Beef_n00dles wrote:
I feel like I would be surrendering the center of my life to such a burden. Given the fact that I understand how great it might feel to hold the result of a genetic mixing between me and the love of my life in my hands, I still wouldn't make the decision to have the child. Children never ask to be born, that means I have a duty to make the child's life worthwhile, I would say, even until the very end. That means sacrificing some of my aspirations in order to fulfill the needs of my child. I have too many personal aspirations to want to do that. I see too much potential in my own life to really feel like all of this energy is better spent on another life, even if I could feel the joy through my child, which I'm sure that I could, I feel more value is to be found down this selfish road, so my child shall remain unborn, in a land of complete rest and peace.

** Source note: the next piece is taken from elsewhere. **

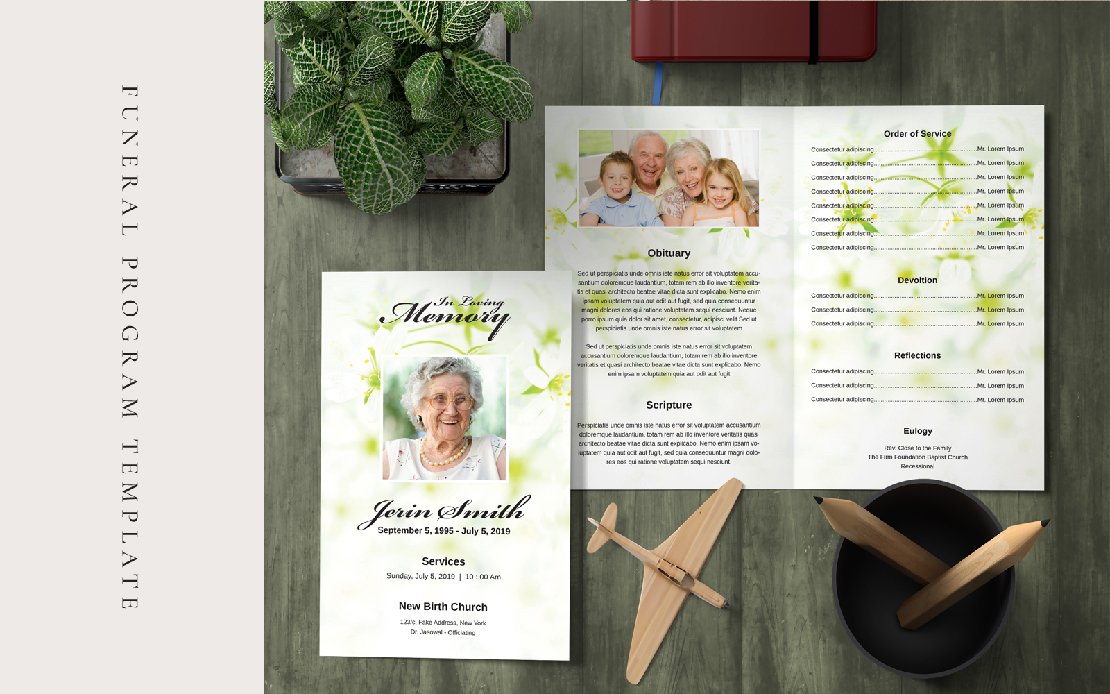 Download Фирменный стиль "Green Flower Funeral Program - Corporate Identity Template" / Green Flower Funeral Program - Corporate Identity Template - Фирменный стиль на тему графика funeral program,program template,obituary template,poem template,celebration of life,memorial program,dove funeral,order of service,time of loss,men funeral,women funeral african american,af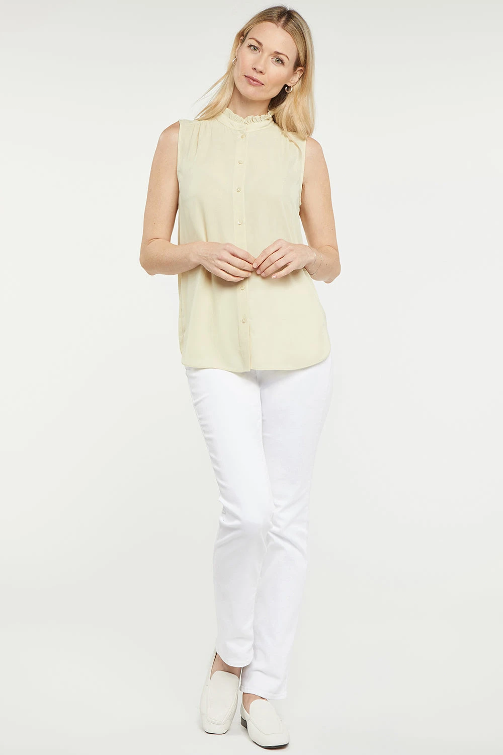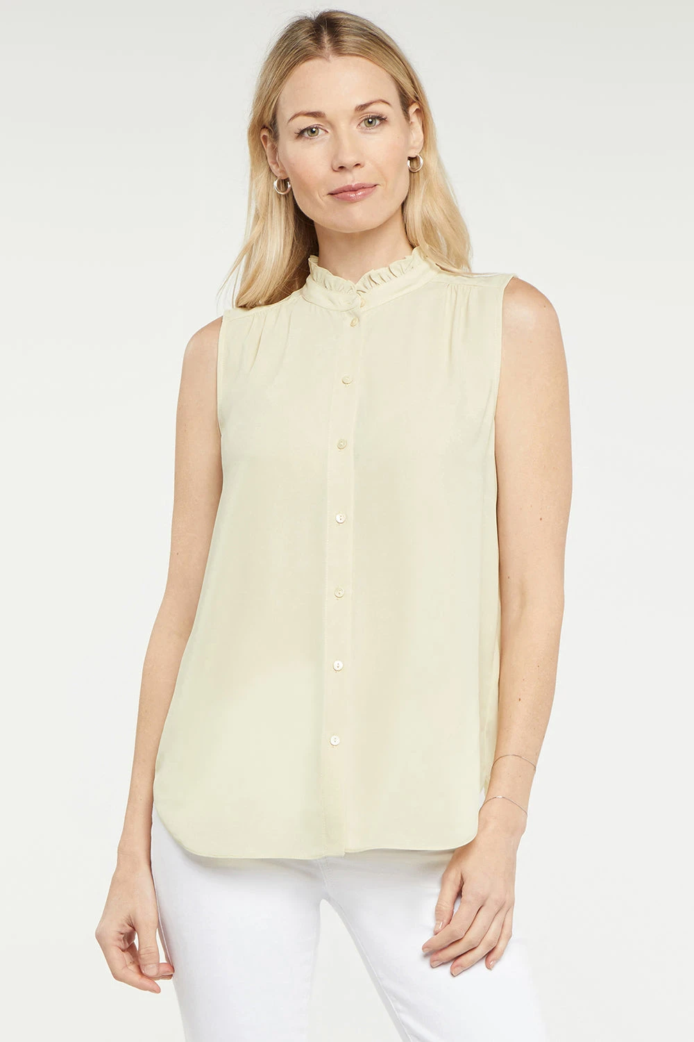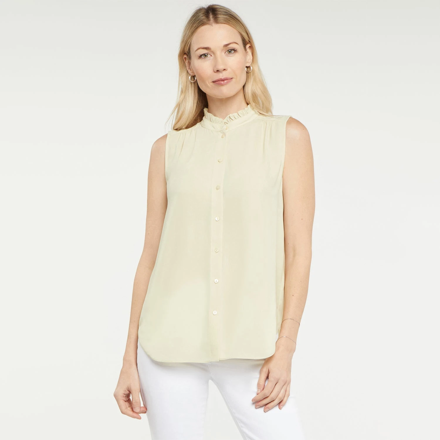 Your essential sleeveless blouse with a romantic twist. The Sleeveless Ruffle Neck Blouse by NYDJ makes any outfit more feminine with a ruffle-trimmed high collar and pintucked shoulders. This pretty style buttons up the front, and the sleeveless design makes it perfect for warm weather or layering under jackets and cardigans. This blouse is made with a sustainable polyester fiber created from 100% post-consumer plastic waste, resulting in less water and energy use and fewer greenhouse gas emissions without changing the look and feel of the fabric.

i feel the same way. i cant stand to raise a kid. i'd lose my patience. some aspies make good parents and some dont. i know me. i love my nieces, but when left alone with them with their parents out of town for ten days, i went nuts. a kid deserves someone who enjoys being a mom, and i cant be happy this way. won't be fair for the kid, for me, or for a man, so i won't get married, because i cant stand to be with a man every day for so long. cant stand being with another human being for so long.
there are zillions of billions of feral cats where i live. think i'll snatch a few off the street and give them a good home. i'd take the blind and limping first. soon as i make some money, because it's costly. so far i only took a few sick ones to the vet.
i know me. i'd be a lousy mom. i dont have what it takes. i just cant.